My narrative was not “I shouldn’t have let one day push me into retirement” but rather “That day revealed a culmination of misalignments and unaddressed moral distress. Resigning was an act of self-preservation and truth-telling.” Naming what happened reduced the shame and stopped me from mislabeling moral injury as simple burnout.
So, when someone says, “It’s just business,” part of me now hears: “This is the story we are choosing to privilege.” To a largely self-authoring system, this is about principles and margins. To a more self-transforming clinician, it is about identity, covenant, and the kind of story we are telling with our actions.
Leaning into healing
Healing from moral injury is not the same as “recharging.” Burnout says, you’re depleted, rest. Moral injury says something essential to your sense of rightness has been violated. For me, healing has included:
- Grieving: The 17-year-old who died, the grace of his heart helping another patient live, the loss of outreach relationships with no closure, and the version of myself who believed institutional loyalty would always be reciprocated.
- Sorting responsibility: Distinguishing what was truly mine that day from what belonged to transplant policies, contract negotiations, and financial frameworks I did not control.
- Reclaiming vocation outside the system: Continuing to walk with physicians through moral distress and leadership challenges as a coach and creating spaces where my way of seeing systems is an asset, not an inconvenience.
- Practicing forgiveness without erasing accountability: Slowly releasing my grip on the hope that the past will change, seeing leaders as humans caught in their own stories, and choosing not to carry resentment in my body, while still telling the truth and keeping boundaries.
An invitation
Maybe you have had similar experiences such as creating the best possible outcome for a patient and still ending the day feeling hollow, watching a program you poured yourself into disappear because “the numbers don’t work,” or seeing your institution make decisions that are financially coherent but morally devastating.
If so, I invite you to:
- Name what is really happening (moral distress, moral injury, developmental mismatch, grief).
- Get curious about the stories in play: the one leadership is living and the one you are trying to live.
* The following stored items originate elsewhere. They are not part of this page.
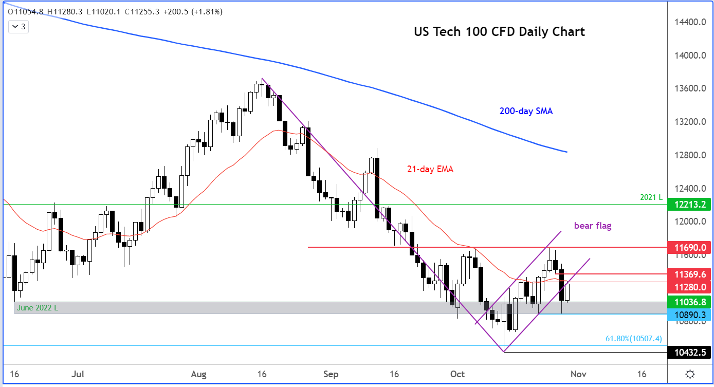 在科技股财报发布后,纳斯达克指数已经突破了它的熊市上升旗形,呈现跌势延续的态势。只要指数没有回升并保持在关键阻力位11370上方,就可能会导致新的技术性抛售。
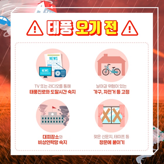 - TV, 라디오, 인터넷, 스마트폰 등으로 기상 상황을 미리 파악하여 태풍 대비 준비를 합니다.
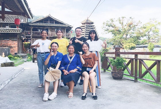 下午,小组成员启程前往具有“丝路女儿国”之称的岩脚古寨,拜访已经取得联系的残疾人士吴详爱阿姨,了解她现在的生活情况,并询问道如果有机会能够提供她一个就业,且同时对她进行制作雕花蜜饯技巧的培训,是否愿意从事雕花蜜饯这个行业等相关问题。在与吴阿姨的交谈过程中,成员们发现她是一个十分有想法而且极具侗族女子风情的热心阿姨,而且对雕花蜜饯有着浓厚的兴趣,也充分收集到了相关信息。交谈完毕后,吴阿姨还带领同学们体验了一把悠悠古寨情。踏着极具韵味的青石板路,观赏着侗寨风雨桥、鼓楼以及民宅屋。
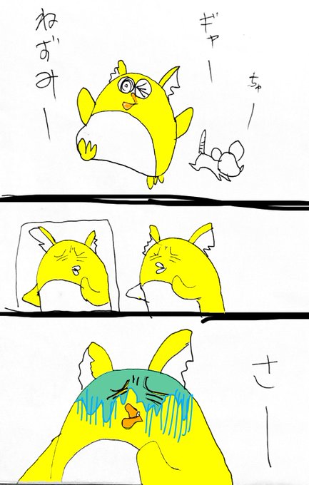 ポンえもん? 寝てたら ネズミに耳を齧られた ポンえもん 鏡を見て 青ざめていくポンえもん
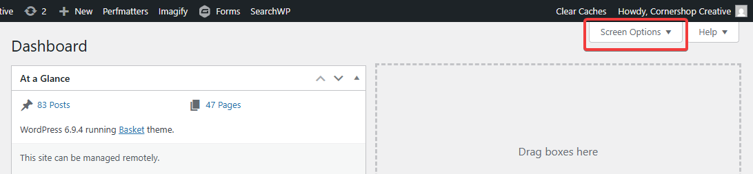 Using Screen Options on the Dashboard, you can control which panels are visible. For example, you can choose to display security updates, Google Analytics data, or other widgets depending on what’s most useful to you.
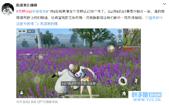 荒野里看太多了大房子,梦里都会遇见!荒野行动还是一个造梦工厂嘛~不过小编也觉得游戏里的各种小房子实在是太好看啦~小房子不重要,请给我一片薰衣草田~ 下面这条微博真的让人感动,有人在《荒野行动》里奔现啦!与恋人在游戏里相识相恋,随着游戏更新,两个人的感情也不断升温,太浪漫了吧!小姐姐,你的男朋友是网易给发的嘛?
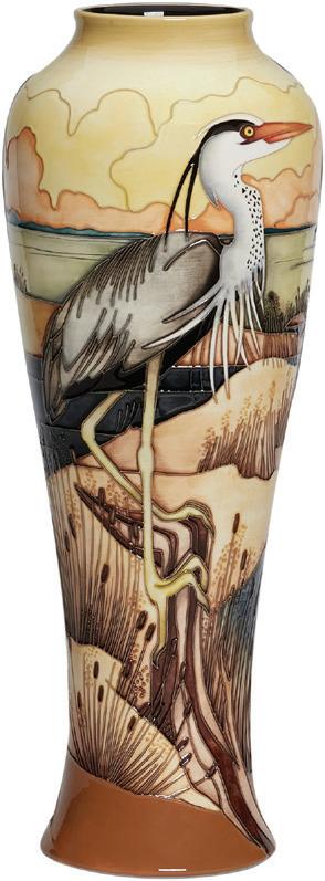 With the vast Dartford bridge in the background, the pensively still Grey Heron with its stilt like legs, takes centre stage in his wetland home on this magnificent vase, whilst over the reeds a flying Grey Heron beats its outstretched wings. This sparse, reed-clustered landscape "intersected with dykes and mounds and gates, with scattered cattle feeding on it" inspired Charles Dickens to write Great Expectations, with Abel Magwitch as one of its major fictional characters.

- Find people who can hold the complexity with you such as colleagues, therapists, coaches, and spiritual directors.
- Separate “I am broken” from “this is breaking me,” and remember that walking away can, at times, be an act of integrity.
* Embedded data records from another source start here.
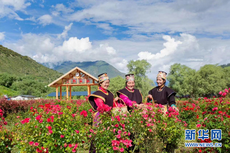 圖為當?shù)卮迕裨诠げ蓟ü让倒宸N植園內(nèi)采摘玫瑰花朵。 (工布花谷 李磊 供圖)
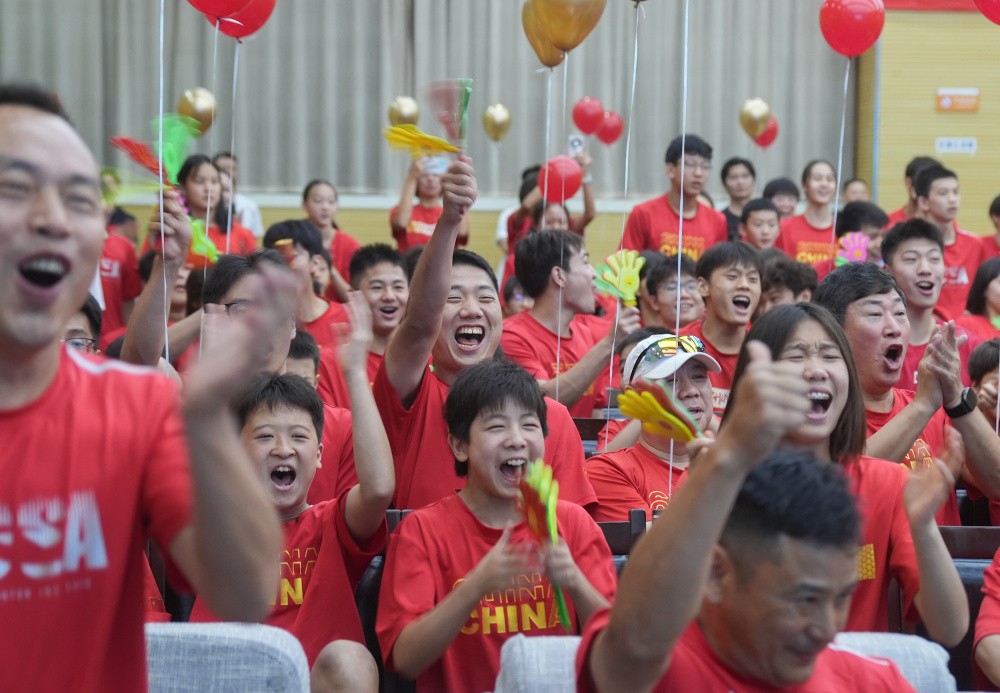 8月2日决赛当天,王宗源的父母王迎飞、赵毅被邀请至武汉市东湖湖北奥体中心,他们与数百名运动员、教练员观看赛事直播。
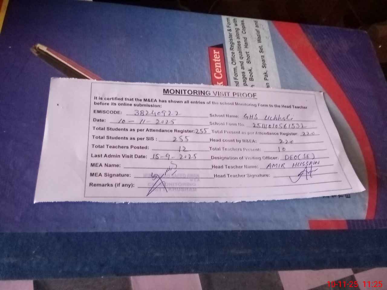 | EMIS Code: 38240922 | Name of School: GHS UCHHALI | |||
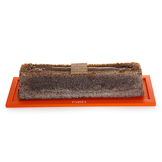 Galleta de chocolate, ganache de chocolate, caramelo de mantequilla salada.
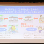 そこで、こういった問題の解決方法を子どもたちみんなで考え、意見を交換。「今まであまり食べられてない低利用魚をもっと研究し、さらにたくさんの種類の魚をおいしく食べられるようにする」「食品の無駄をなくすよう工夫して、未来でもお魚のお寿司が食べられるようにしたい」と話すなど、参加した子供たちにとっては、食の大事さを感じる貴重な時間となった。
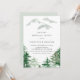 Convite para janto de ensaio sobre temas florestais. Apresenta árvores de aquarelas e montanhas com tripes padrão e tipografia simples. Os textos são perfeitamente editáveis para todos os efeitos. Personalize adicionando seus próprios detalhes. Este convite à floresta aquarela é perfeito para jantadas de ensaio de outono e inverno.
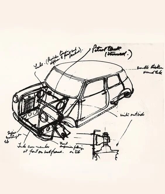 当时刚回到BMC工作的伊斯格尼斯(Issigonis)便接到了这个任务,坊间流传伊斯格尼斯是在酒店的露台上灵感大发,随手在餐巾纸上画下了Mini的第一张草图,然后便诞生了初代“mini”汽车,这款小型车分别在Austin品牌和Morris品牌下销售,一边叫Austin 7,一边叫Morris Mini Minor,1962年更名Mini(注意这里是小写的)。
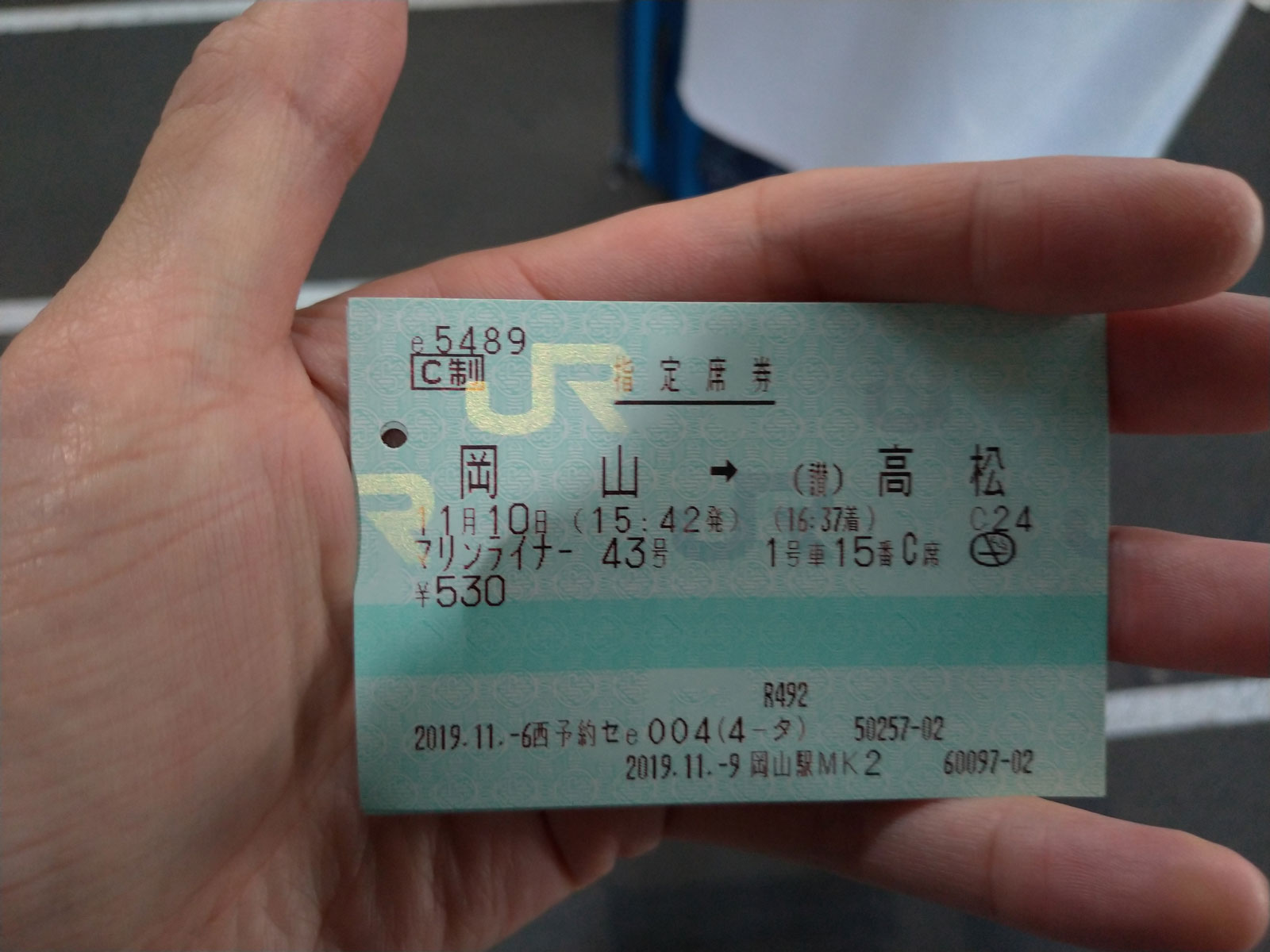 高松~岡山のマリンライナーは、指定席券を買ってしまった。 これからお土産とかを買いたいので、乗る時間がギリギリになりそう。 そうなると席に座ることができないかもしれないので。
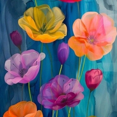 פרחים על רקע כחול
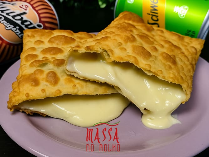 Deliciosa massa fofinha, fina camada de mussarela coberto com chocolate branco.

The paradox of that day (the coexistence of profound good and deep harm in the same 24 hours) is only one example of what health care workers face daily in systems increasingly driven by corporatization and commodification of care. We must not abandon compassionate communication about what moral injury is. Becoming self-transforming leaders will help us create a morally sustaining, integrity-restoring culture of care, the living opposite of moral injury.
Susan MacLellan-Tobert is a pediatric cardiologist.